Berdzikir dalam hadis ini termasuk membaca al-Quran yang dilakukan setiap saat termasuk dalam keadaan junub.
Ibnu Taimiyah pernah mengatakan, “Di zaman Rasulullah SAW para wanita mengalami haid, namun Rasulullah SAW tidak melarang mereka membaca Al-Quran sebagaimana tidak melarang mereka berdzikir dan berdoa.” (Fatwa Ramadhan, hal 81).

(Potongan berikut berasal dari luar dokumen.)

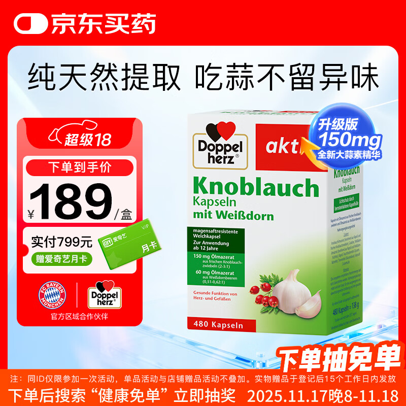 双心(Doppel herz)大蒜素山楂精油480粒吃蒜无异味成人含量升级
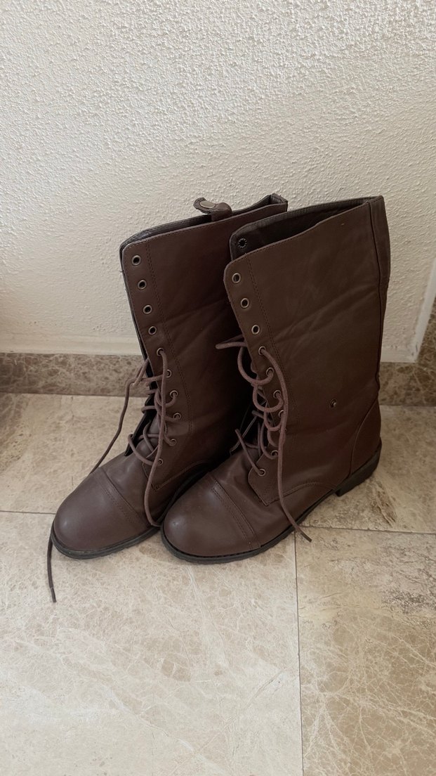 Koyu kahverengi deri kadın botlar, bağcıklı ve tokalı detaylara sahiptir. İnce topuklu ve sade, rahat bohem tarzıyla günlük kullanıma uygundur. Arka kısmında derilerinde çatlama ve soyulma mevcut ama çok göze batmıyor, ister katlayarak ister uzun formda kullanıma uygun 2-3 kez anca kullandım ayağıma küçük geliyor ondan satıyorum.

Di samping itu, terkait dengan larangan menyentuh al-Quran yang bagi orang yang berhadas besar berdasarkan al-Waqiah ayat 79. Padahal mushaf al-Quran baru ada pada zaman Khalifah Utsman bin Affan, yang berarti adanya mushaf al-Quran setelah lebih kurang 30 tahun setelah ayat tersebut diturunkan.
Pada masa Khalifah Utsman baru ada lima mushaf dan itupun belum beredar ke tengah masyarakat. Mushaf al-Quran baru dicetak dan mulai beredar ke tengah masyarakat lebih kurang 900 tahun kemudian. Karena itu, ayat di atas tidak ada kaitannya dengan mushaf al-Quran. (Fatwa Tarjih)
Oleh karena itu penulis berpendapat wanita haid boleh tadarus atau membaca al-Quran. Di samping karena membaca al-Quran merupakan bagian dari berdzikir kepada Allah, sebagaimana dalil-dalil yang telah dikemukakan di atas, juga karena aspek maslahat yang lebih besar ketika wanita haid diperbolehkan mengakses al-Quran.
Wallahu a’lam bish shawab. (*)
Ustadzah Ain Nurwindasari SThI, MIRKH adalah anggota Majelis Tabligh Pimpinan Daerah Asiyiyah (PDA) Gresik; alumnus Pendidikan Ulama Tarjih Muhammadiyah (PUTM) PP Muhammadiyah dan International Islamic University of Malaysia (IIUM); guru Al-Islam dan Kemuhammadiyahan SMP Muhammadiyah 12 GKB Gresik.